In this connection I have had the following correspondence with the Lancet Psychiatry Editors:
When A Difference Makes No Difference
In June this year the Lancet published guidance [Boyce et al (2021)] for mental health researchers to ensure that the primary outcome measure employed in a study needs to be meaningful. Researchers were asked to a) justify their choice of an outcome measure and b) specify what a change of X or Y on a measure would mean for a service user. Contemporaneously, Lancet Psychiatry published a study by Barkham et al (2021) that made no attempt to address the Editor’s expressed concerns.
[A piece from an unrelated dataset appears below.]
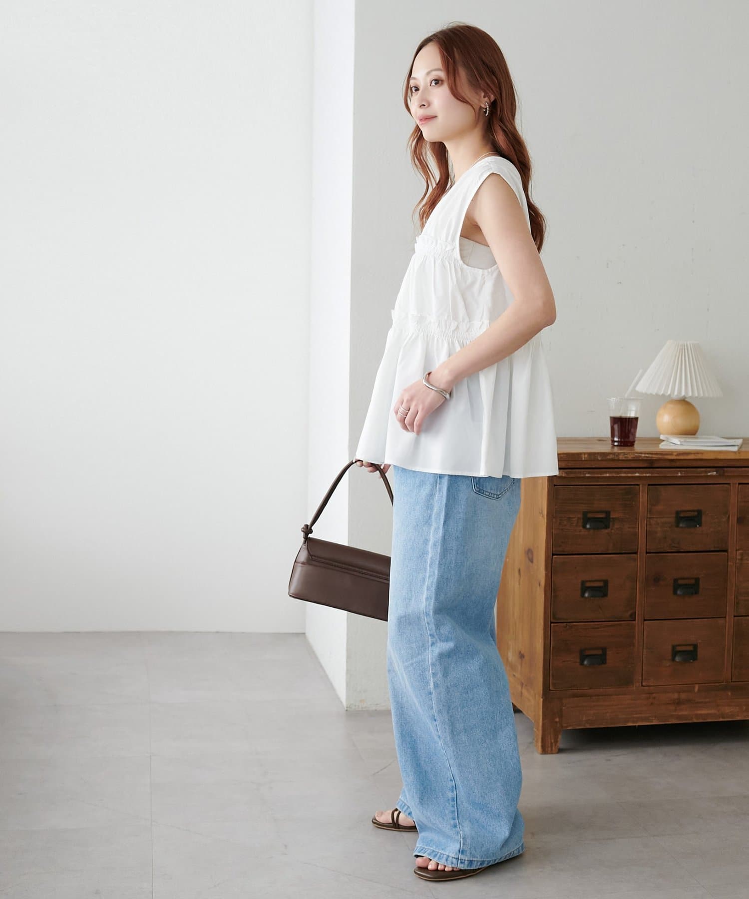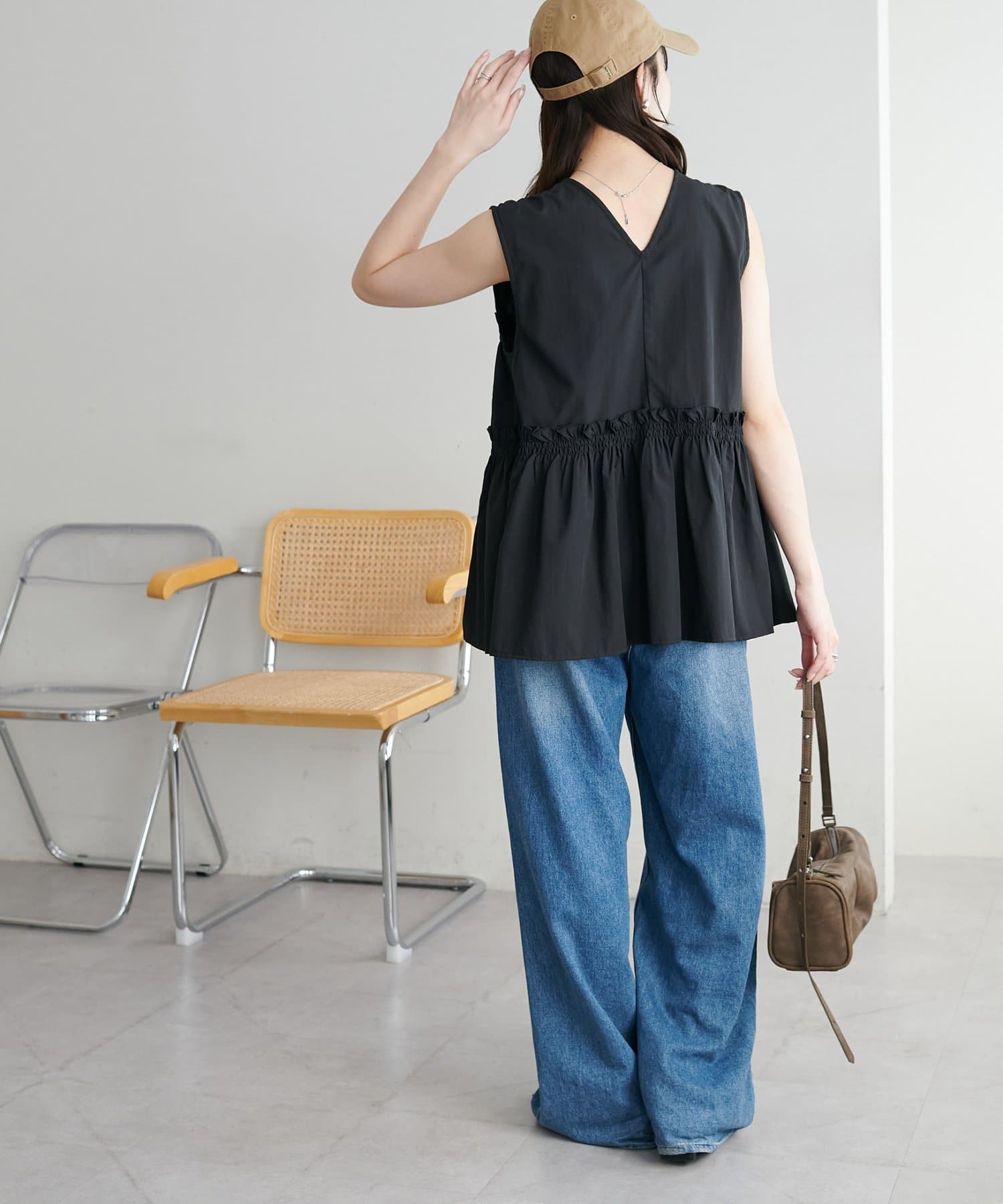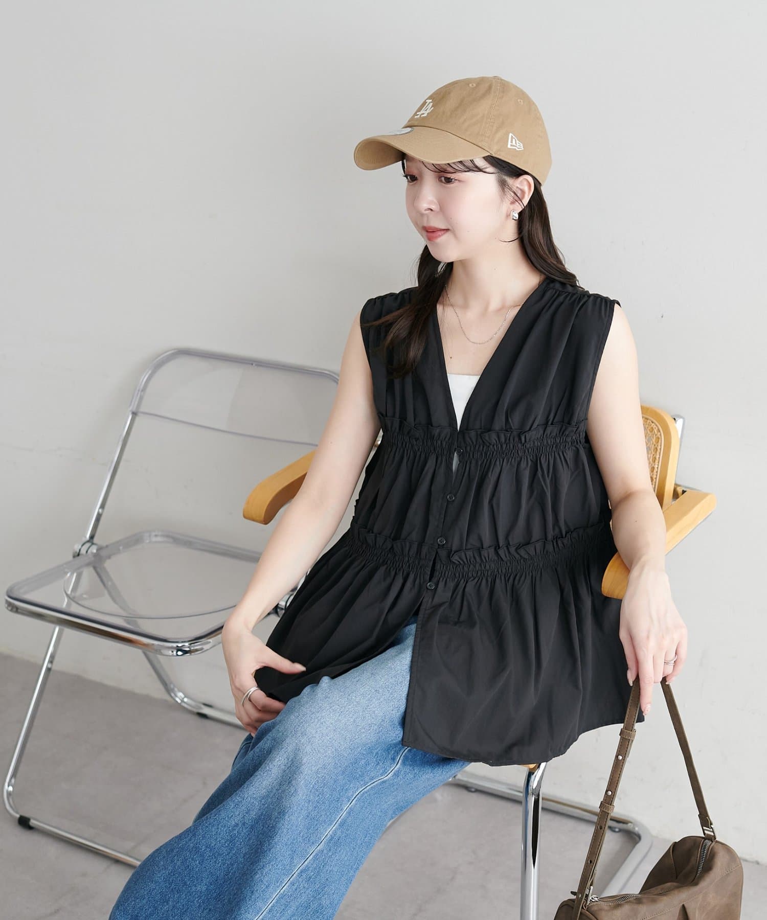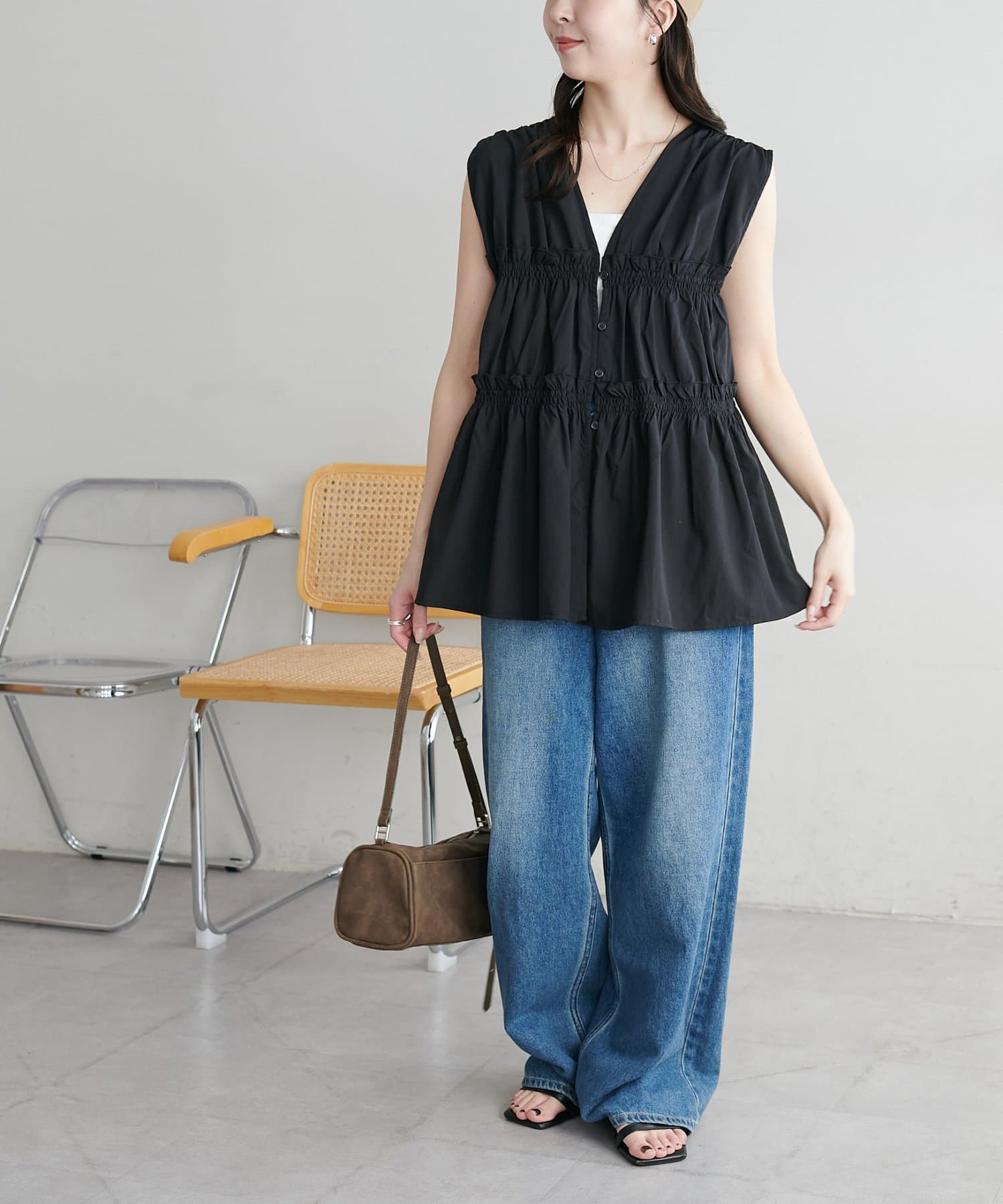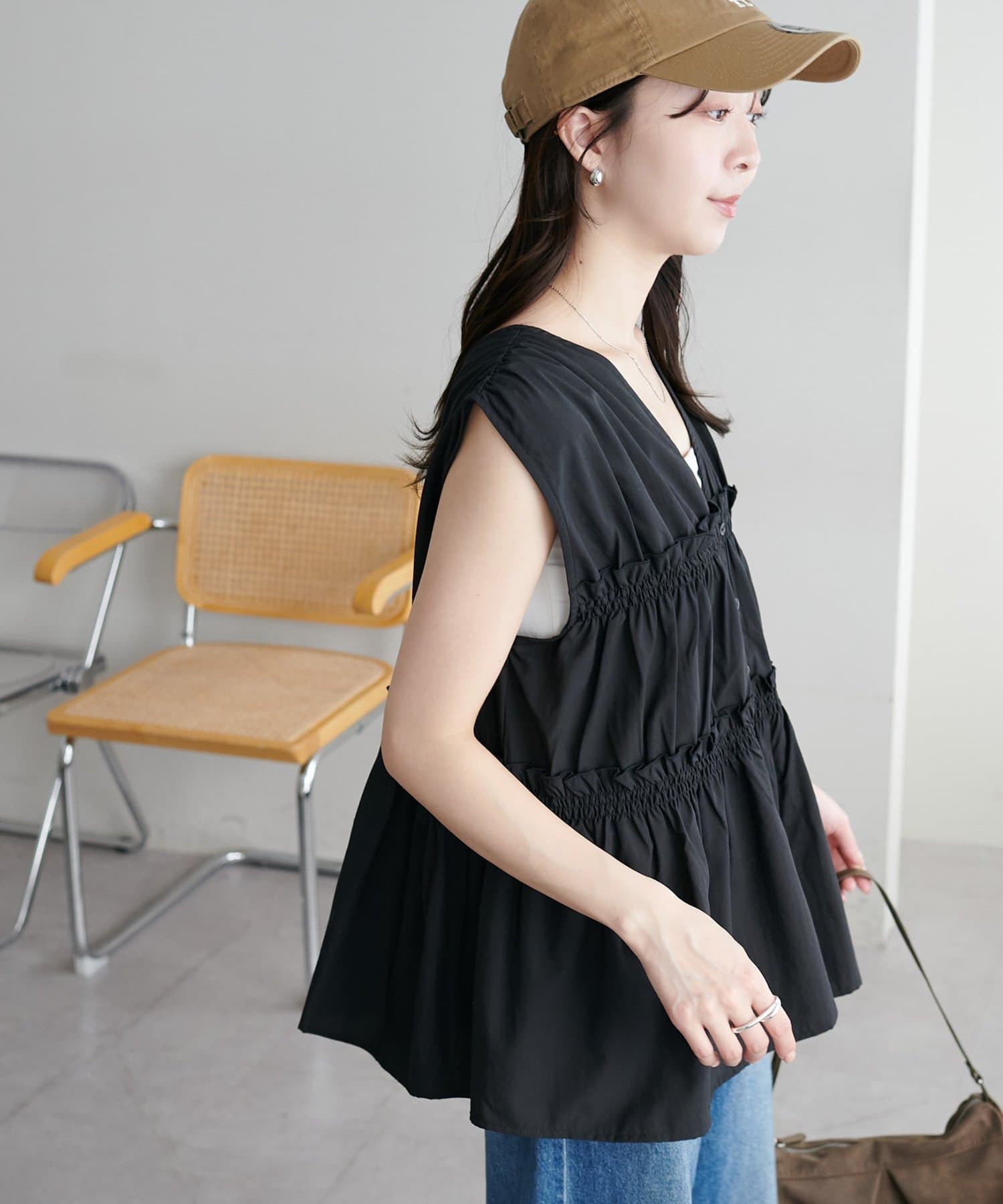 シャーリングや深めのVネックデザインで目線が上がり、小柄でもバランス良く着こなせました!

Barkham et al (2021) chose to adopt the Improving Access to Psychological Therapies (IAPT) primary outcome measures the PHQ-9 [Kroenke et al (2001)] and GAD-7 [Spitzer et al (2006)], without any discussion. There is no comment that these are self-report measures, subject to demand characteristics and that changes are impossible to interpret without comparison to an active placebo treatment.
The Barkham et al (2021) study involved comparison of person-centred counselling and cognitive behaviour therapy (cbt) in a high intensity therapy service delivered by IAPT. Curiously patients were screened for the study using the Clinician Interview Schedule Revised but neither this nor any standardised diagnostic interview was used as an outcome measure. Why such apparent blindness? The answer is apparent reading the declaration of conflicts of interest, the authors are either devotees of person-centred counselling or have links with IAPT. Their take home message is that person centred counselling might be better than CBT for depressed patients. But there is no attempt to address the question of what proportion of patients lost their diagnosis status and for how long, as determined by an independent blind clinical assessment using a standardised interview. Service-users interests are ill-served by this type of study which additionally ignored data that suggest the recovery rate in IAPT is just 10% [Scott (2018)].
Barkham, M., Saxon, D., Hardy, G. E., Bradburn, M., Galloway, D., Wickramasekera, N., Keetharuth, A. D., Bower, P., King, M., Elliott, R., Gabriel, L., Kellett, S., Shaw, S., Wilkinson, T., Connell, J., Harrison, P., Ardern, K., Bishop-Edwards, L., Ashley, K., Ohlsen, S., … Brazier, J. E. (2021). Person-centred experiential therapy versus cognitive behavioural therapy delivered in the English Improving Access to Psychological Therapies service for the treatment of moderate or severe depression (PRaCTICED): a pragmatic, randomised, non-inferiority trial. The lancet. Psychiatry, 8(6), 487–499. https://doi.org/10.1016/S2215-0366(21)00083-3
Boyce, N., Graham, D., & Marsh, J. (2021). Choice of outcome measures in mental health research. The lancet. Psychiatry, 8(6), 455. https://doi.org/10.1016/S2215-0366(21)00123-1
Kroenke K, Spitzer RL, Williams JB. The PHQ-9: validity of a brief depression severity measure. J Gen Intern Med 2001;16: 606–13.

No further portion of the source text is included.